--- DATA SUPPLIED ---

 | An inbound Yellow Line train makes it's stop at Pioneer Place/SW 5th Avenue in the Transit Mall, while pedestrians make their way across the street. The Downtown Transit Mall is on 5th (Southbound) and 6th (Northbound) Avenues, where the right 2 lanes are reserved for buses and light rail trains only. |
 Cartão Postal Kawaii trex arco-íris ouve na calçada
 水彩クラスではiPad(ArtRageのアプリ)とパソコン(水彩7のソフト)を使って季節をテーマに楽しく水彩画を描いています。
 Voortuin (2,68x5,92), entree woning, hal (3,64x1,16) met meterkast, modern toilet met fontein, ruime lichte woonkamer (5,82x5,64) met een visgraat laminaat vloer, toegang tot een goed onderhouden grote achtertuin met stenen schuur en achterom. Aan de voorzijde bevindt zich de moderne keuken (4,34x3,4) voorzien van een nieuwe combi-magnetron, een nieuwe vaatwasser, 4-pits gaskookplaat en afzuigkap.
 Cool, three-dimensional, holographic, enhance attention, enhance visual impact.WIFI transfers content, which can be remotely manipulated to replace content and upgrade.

---
--- DATA SUPPLIED ---

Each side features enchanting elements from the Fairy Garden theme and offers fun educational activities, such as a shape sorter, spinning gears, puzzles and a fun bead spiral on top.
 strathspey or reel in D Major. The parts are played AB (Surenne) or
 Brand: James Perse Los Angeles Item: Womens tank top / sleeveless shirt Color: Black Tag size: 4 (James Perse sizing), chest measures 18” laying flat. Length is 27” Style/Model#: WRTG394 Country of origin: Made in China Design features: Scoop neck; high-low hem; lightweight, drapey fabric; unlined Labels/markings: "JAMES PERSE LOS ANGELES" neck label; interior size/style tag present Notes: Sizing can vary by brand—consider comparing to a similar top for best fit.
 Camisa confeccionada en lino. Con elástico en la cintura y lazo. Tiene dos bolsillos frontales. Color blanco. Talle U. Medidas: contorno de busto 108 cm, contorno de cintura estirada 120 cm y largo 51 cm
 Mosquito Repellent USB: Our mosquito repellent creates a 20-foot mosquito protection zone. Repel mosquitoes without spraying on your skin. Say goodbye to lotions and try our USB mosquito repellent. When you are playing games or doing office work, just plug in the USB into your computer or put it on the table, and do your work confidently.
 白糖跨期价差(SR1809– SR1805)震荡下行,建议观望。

---

# ASSIGNMENT
Would you copy out exactly the lines above that start at the one containing "trains only. |" and end at the one containing "Cool, three-dimensional, holographic, enhance", inclusive?

# THE ANSWER
 | An inbound Yellow Line train makes it's stop at Pioneer Place/SW 5th Avenue in the Transit Mall, while pedestrians make their way across the street. The Downtown Transit Mall is on 5th (Southbound) and 6th (Northbound) Avenues, where the right 2 lanes are reserved for buses and light rail trains only. |
 Cartão Postal Kawaii trex arco-íris ouve na calçada
 水彩クラスではiPad(ArtRageのアプリ)とパソコン(水彩7のソフト)を使って季節をテーマに楽しく水彩画を描いています。
 Voortuin (2,68x5,92), entree woning, hal (3,64x1,16) met meterkast, modern toilet met fontein, ruime lichte woonkamer (5,82x5,64) met een visgraat laminaat vloer, toegang tot een goed onderhouden grote achtertuin met stenen schuur en achterom. Aan de voorzijde bevindt zich de moderne keuken (4,34x3,4) voorzien van een nieuwe combi-magnetron, een nieuwe vaatwasser, 4-pits gaskookplaat en afzuigkap.
 Cool, three-dimensional, holographic, enhance attention, enhance visual impact.WIFI transfers content, which can be remotely manipulated to replace content and upgrade.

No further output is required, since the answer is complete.